■ **AIM OF THE EXERCISE**
The entire listing that follows must be repeated exactly, pictures excluded.

■ **SOURCE DATA**
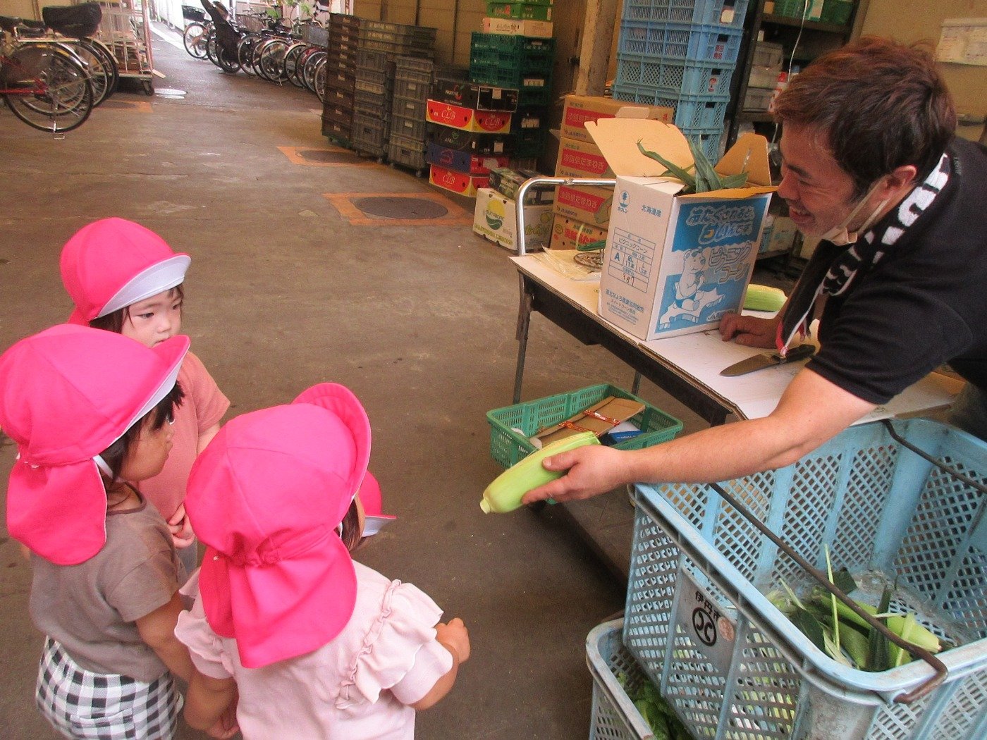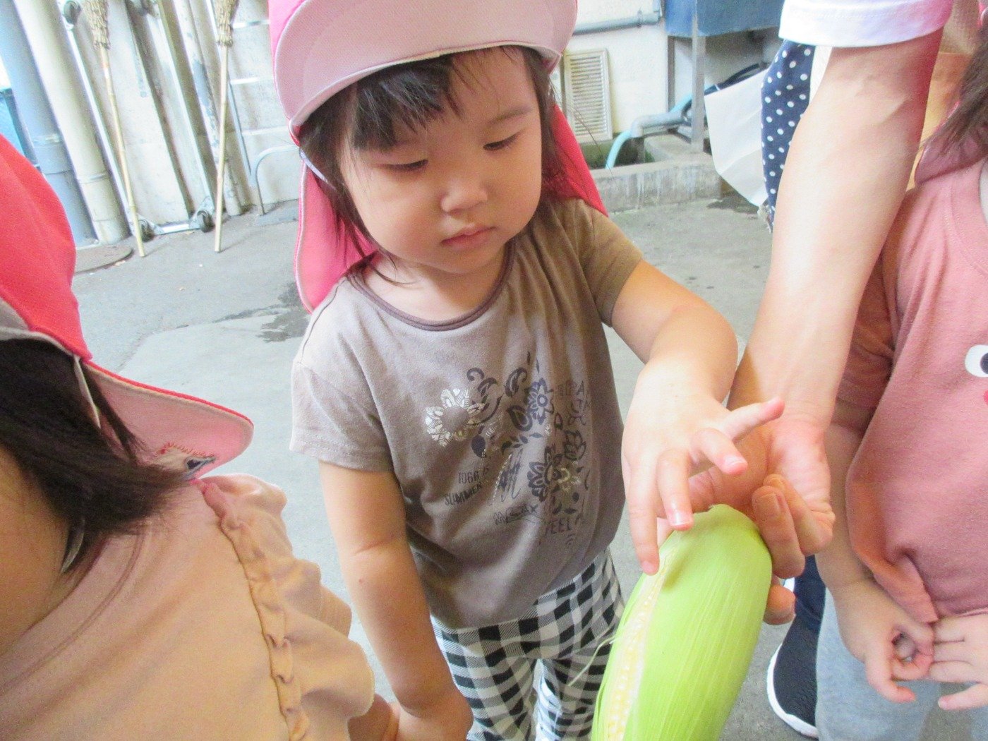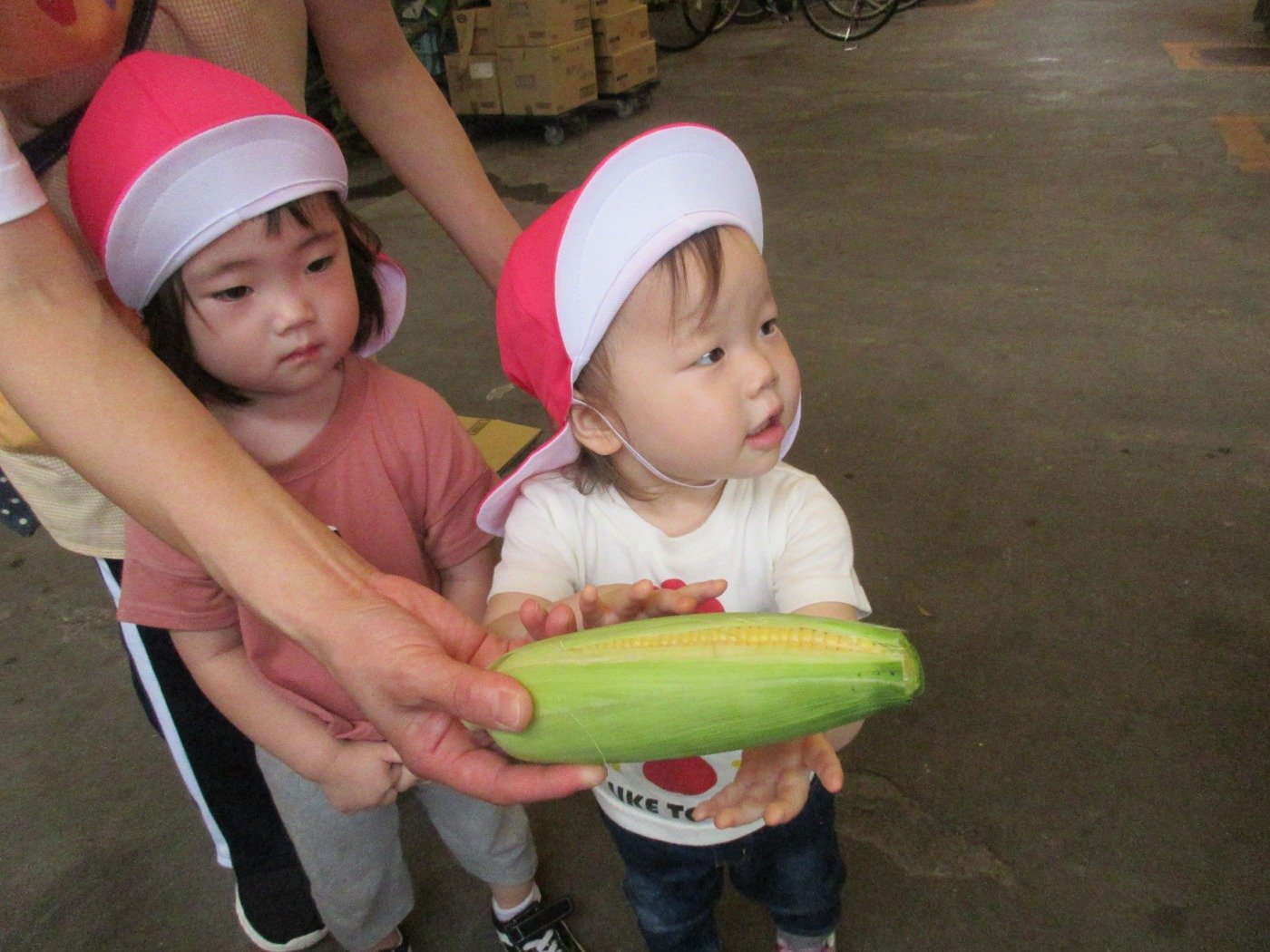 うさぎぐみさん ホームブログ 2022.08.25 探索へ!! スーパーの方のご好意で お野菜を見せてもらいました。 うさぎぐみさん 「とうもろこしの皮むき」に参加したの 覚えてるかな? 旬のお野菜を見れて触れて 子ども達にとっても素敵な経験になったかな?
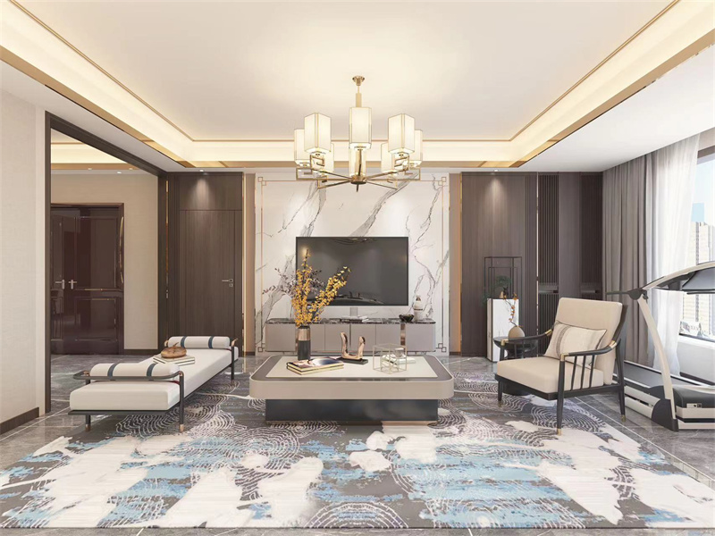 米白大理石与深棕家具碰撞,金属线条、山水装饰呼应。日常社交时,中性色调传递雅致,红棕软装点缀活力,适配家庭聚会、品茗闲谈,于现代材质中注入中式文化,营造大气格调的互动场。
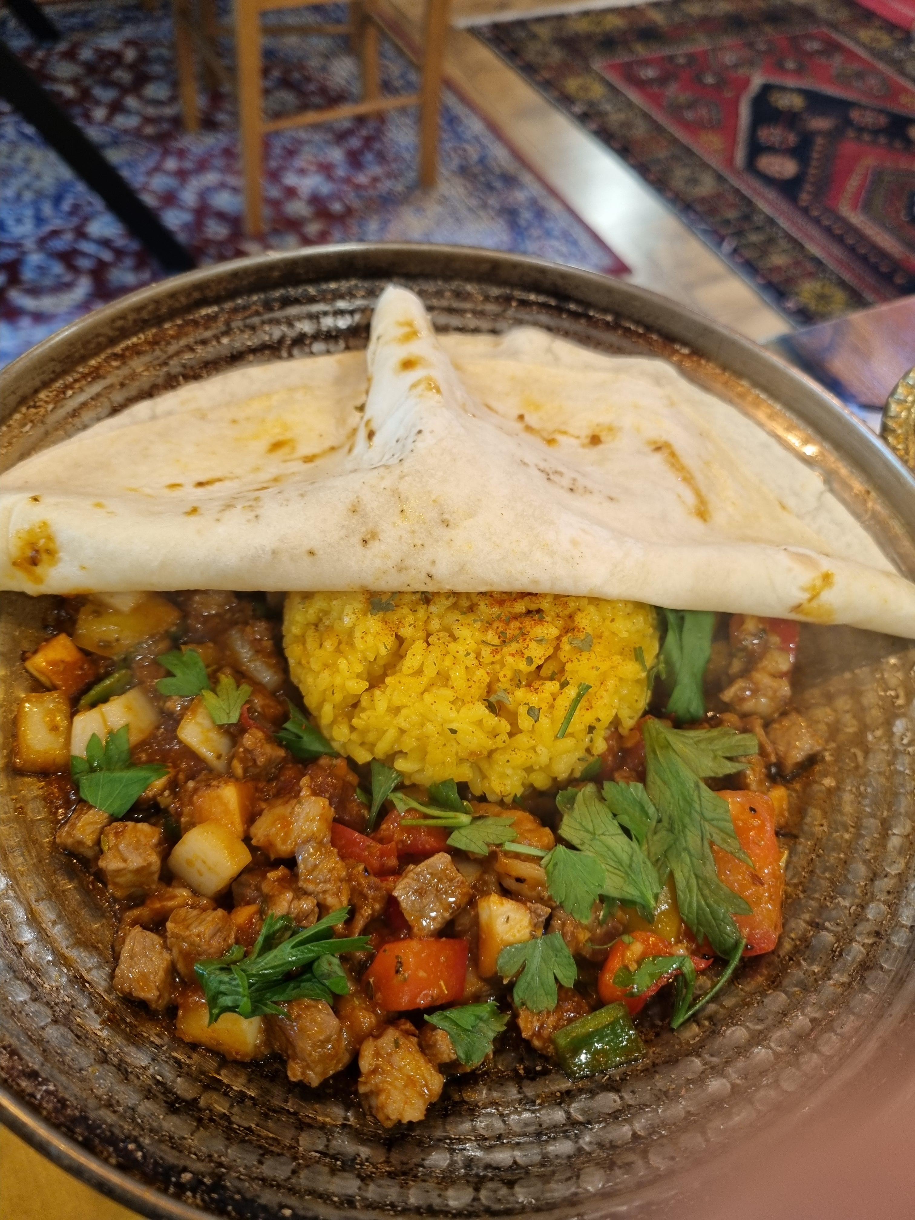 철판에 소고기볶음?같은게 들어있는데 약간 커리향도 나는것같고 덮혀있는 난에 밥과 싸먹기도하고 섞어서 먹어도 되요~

■ **REPLY**
 うさぎぐみさん ホームブログ 2022.08.25 探索へ!! スーパーの方のご好意で お野菜を見せてもらいました。 うさぎぐみさん 「とうもろこしの皮むき」に参加したの 覚えてるかな? 旬のお野菜を見れて触れて 子ども達にとっても素敵な経験になったかな?
 米白大理石与深棕家具碰撞,金属线条、山水装饰呼应。日常社交时,中性色调传递雅致,红棕软装点缀活力,适配家庭聚会、品茗闲谈,于现代材质中注入中式文化,营造大气格调的互动场。
 철판에 소고기볶음?같은게 들어있는데 약간 커리향도 나는것같고 덮혀있는 난에 밥과 싸먹기도하고 섞어서 먹어도 되요~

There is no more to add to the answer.